May 14, 2012, by Tom Chandler 11 comments
Snow drifts mean no fishing this stream...

No matter how much we stared at them, the snow drifts covering the road refused to melt.

I wasn’t really surprised; in this part of the world, the snow level is currently around 5500 feet. But you know, this road and this pass were going to be different. Then we rolled around the corner just past 5400′ and the dream of being the first into a small alpine stream died.

Snow drifts mean no fishing this stream...

The moment hope died...

 

Every time this happens I go through the usual stages; denial, anger, bargaining, depression over the lack of realtime satellite intel and finally, acceptance.

Usually, I don’t reach acceptance quickly. For a minute, I knew — despite the old tires — the Bronco could blow through the drifts, but even my fevered brain couldn’t ignore another set of *deeper* drifts waiting up ahead, and many more after that.

I pointed at the medium-sized streams of water running down the road and said “two weeks” and Older Bro nodded, though we both know it’s still just an attempt at grownup behavior.

That’s still too early to expect to make it into this stream, even given the light snow year.

Fortunately, our backup stream fished beautifully, and:

  • We caught pretty brown trout on dry flies
  • We tested a new fly rod against an old favorite (and arrived at opposite conclusions)
  • I firmed up a wader review (coming soon)
  • The “new” water I first fished last trip fished nicely again

Unfortunately, because were a little reluctant to walk away from catchable fish, we got to our Highly Experimental Stretch Of A Creek That Should Fish Great But Hasn’t a little late. This is the water that we’ve now fished (admittedly briefly) three times, yet despite looking absolutely perfect, it has yet to give up a single fish.

Or even a take.

We’ve crafted a whole series of worthwhile excuses for it — and I’ll be back again sometime soon — but after a while, you start to wonder about the nature of reality.

If a damned trout would just eat a dry fly, the universe would snap right back into its proper place.

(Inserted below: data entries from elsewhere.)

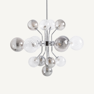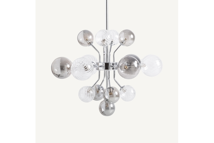 Lámpara de colgar, fabricado en cristal en color gris con acabado ahumado, combinado con acero en color plata.
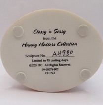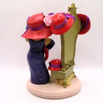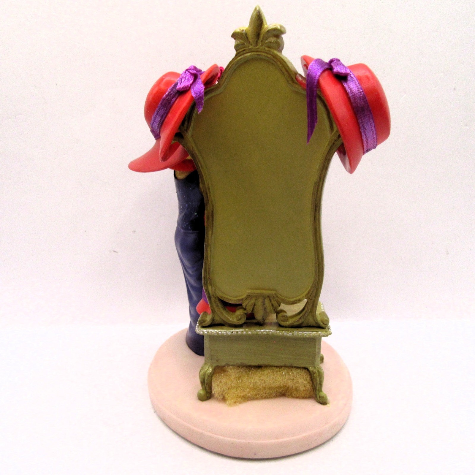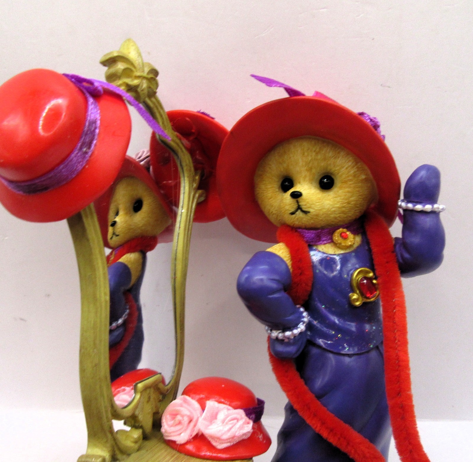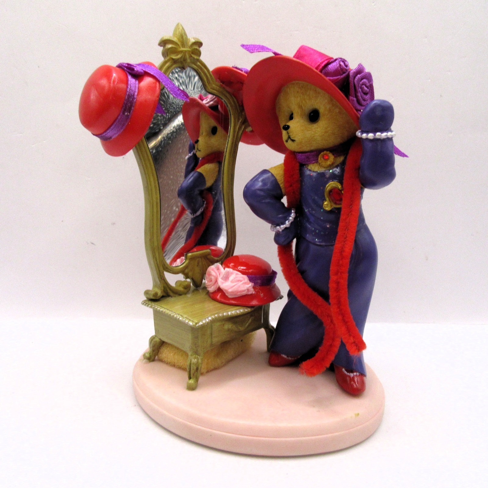 Hamilton Happy Hatters Collection Classy 'N Sassy Figurine, specifically identified by product number #A4908. A cute bear dressed in a purple outfit and a red hat, posing in front of a mirror, with another red hat on a small dresser. This item is part of the Hamilton Happy Hatters Collection. The design emphasizes details, including the bear's attire and accessories like a red scarf and pearls. The figurine is made of ceramic and porcelain.
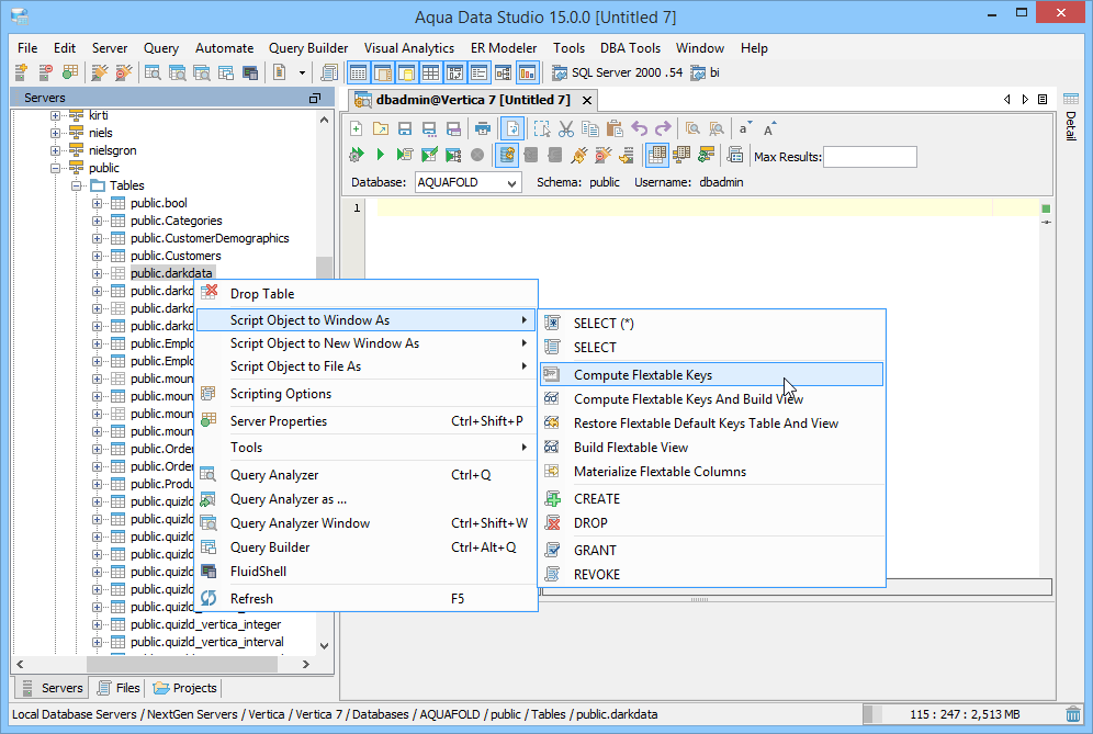 Vertica 7 is supported, allowing you to script Flextable objects from the Schema Browser like CREATE FLEX TABLE, Restore Flextable Default Keys Table and View, and Compute Flextable Keys. Explain Plans are supported and you can also view Fault Groups in the Management node.
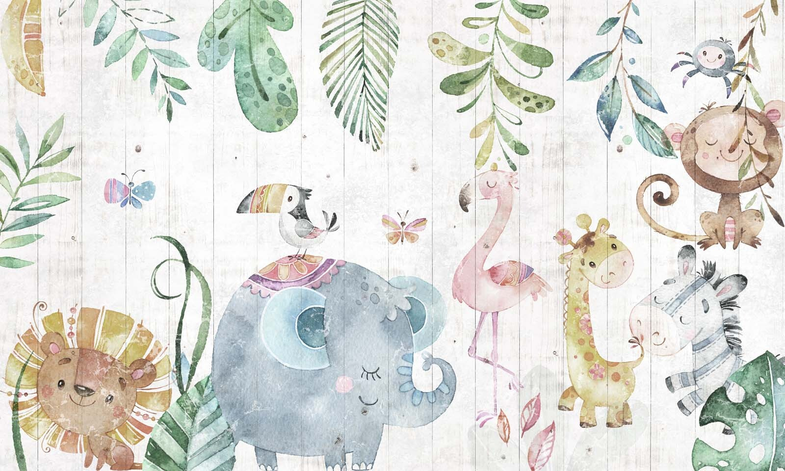 Μεταμορφώστε οποιονδήποτε χώρο σε μια παιχνιδιάρικη ζούγκλα με αυτή την απολαυστική τοιχογραφία τοίχου με αξιολάτρευτα ζωάκια σε απαλές, ακουαρέλες. Φανταστείτε να μπαίνετε σε ένα δωμάτιο που σφύζει από τη γοητεία μιας σκανταλιάρας μαϊμούς, ενός ευγενικού ελέφαντα και ενός φλαμίνγκο που παίρνει πόζα – είναι σαν ένα μίνι σαφάρι στο σπίτι! Ιδανική για παιδικά δωμάτια ή χώρους παιχνιδιού, αυτή η τοιχογραφία φέρνει άμεση χαρά και μια δόση ιδιοτροπίας. Φανταστείτε τα μικρά παιδιά να χαχανίζουν καθώς εντοπίζουν τα αγαπημένα τους ζωάκια. Τα καταπραϋντικά χρώματα είναι εύκολα για τα μάτια, δημιουργώντας ένα γαλήνιο σκηνικό για περιπέτειες φανταστικές και πραγματικές. Είναι κάτι περισσότερο από διακόσμηση, είναι ένα χαρούμενο μέρος για να ονειρευτείτε!

Until then, everything feels just a tiny bit out of true, and I suspect it will remain so until I go back and invest a couple hours in the place, figuring it out or writing it off.

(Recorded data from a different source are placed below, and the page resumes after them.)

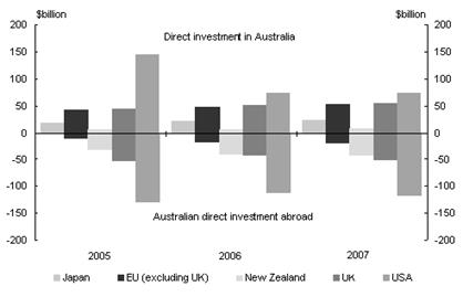 Діаграма 1 зображає недавні тенденції в FDIпотоки між Австралією і її п'ятьма найбільш важливими партнерами FDI: США, Сполучене Королівство (Великобританія), Японія, Нова Зеландія і Євросоюз (ЄС) (окрім Великобританії).США- австралійське єдине найбільше джерело внутрішнього FDI і найголовніше місце призначення для Австралійського FDI за кордоном. Майже чверть всього FDI в Австралію прибуває з США і приблизно 40 відсотка всіх Австралійських прямих інвестицій за кордоном витікає в США. У 31 грудні 2007, Австралія мала на $42.7 мільярдів більше прямих інвестиції в США, ніж США мали в Австралії.Великобританія традиційно була австралійським головним джерелом FDI. В кінці 2007, $54.0 мільярдів, або приблизно 17 відсотків FDI в Австралії походили з Великобританії. Рівень австралійських прямих інвестицій в Великобританію ріс стрімко в 2007 до $53.5 мільярдів.Рівень Японського FDI в Австралії в 2007 склав $23.5 мільярдів. Проте, Австралійський FDI в Японію був на дуже низькому рівні.Рівень Австралійських прямих інвестицій до Нової Зеландії зріс в 2007 до $41.1 мільярдів. Нові зеландські прямі інвестиції до Австралії зросли до $7.9 мільярдів в 2007.Рівень прямих інвестицій ЄС (виключення Великобританія) в Австралійську економіку зріс в 2007 до $53.1 мільярдів. Австралійські прямі інвестиції в ЄС майже подвоїлись за останні два роки до $20.2 мільярдів в кінці 2007.
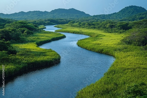 Serene winding river through lush greenery nature landscape tranquil environment scenic viewpoint hd imagery for relaxation
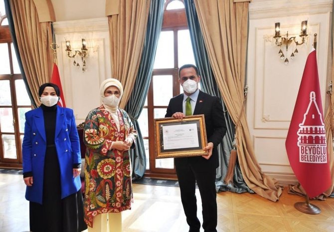Emine Erdoğan, "Sıfır Atık" belgesini Beyoğlu Belediye Başkanı Haydar Ali Yıldız'a verdi. Erdoğan, Beyoğlu Belediyesinin Anı Defteri'ni de imzaladı.

More to come as I get things written for my clients, Tom Chandler.

Fly Fishing As An Intelligence Gathering Exercise

February 23, 2012, by Tom Chandler 10 comments
A small stream found in the off season

“I love Google Earth. It saves us during the winter.” (Older Bro, Blueliner)

At the L&T’s recent birthday party (39, and leave it at that), I found myself talking to an avid hiker — one of those people who wander all over the backcountry, but don’t think to bring along a fly rod.

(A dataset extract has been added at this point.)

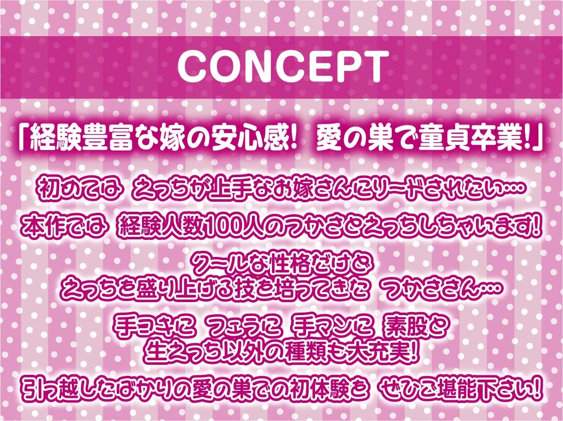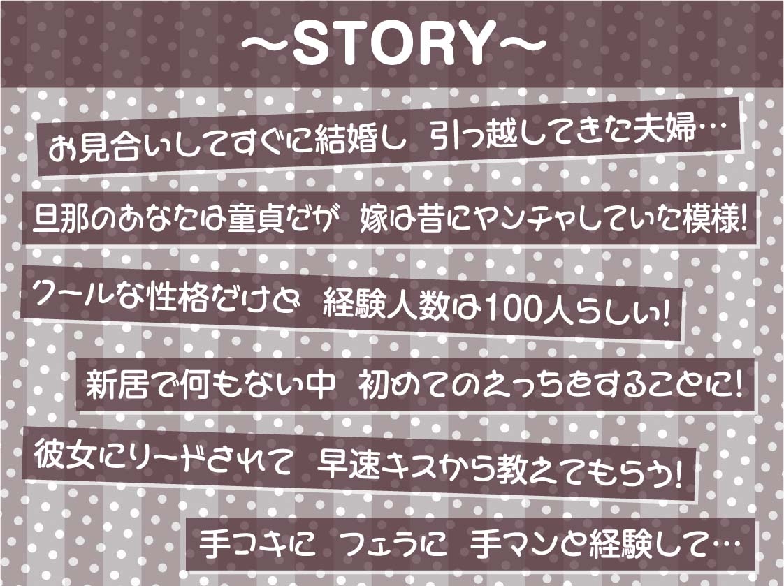 お見合いして すぐに結婚し 引っ越してきた夫婦… 旦那のあなたは童貞だが 嫁は昔にヤンチャしていた模様! クールな性格だけど 経験人数は100人らしい! 新居で何もない中 初めてのえっちをすることに! 彼女にリードされて 早速キスから教えてもらう! 手コキにフェラに 手マンと経験して…

Sure, I don’t understand people like that, but they’re a great source of information, so when he spoke knowingly about a nearby trail that happened to cross a stream, I leaned in and casually asked about an upstream section of that stream — a stretch that might just contain a few trout.

“Oh sure,” he said. “I know the place. You can hike there, or you can drive a 4-wheel drive road to [redacted] and walk over the ridge.”

At moments like that, I try to act casual, and he was only confirming what I’d already guessed, but the urge remained: I wanted to celebrate like I just scored a World Cup goal.

Which isn’t the best course of action for overweight, balding guys.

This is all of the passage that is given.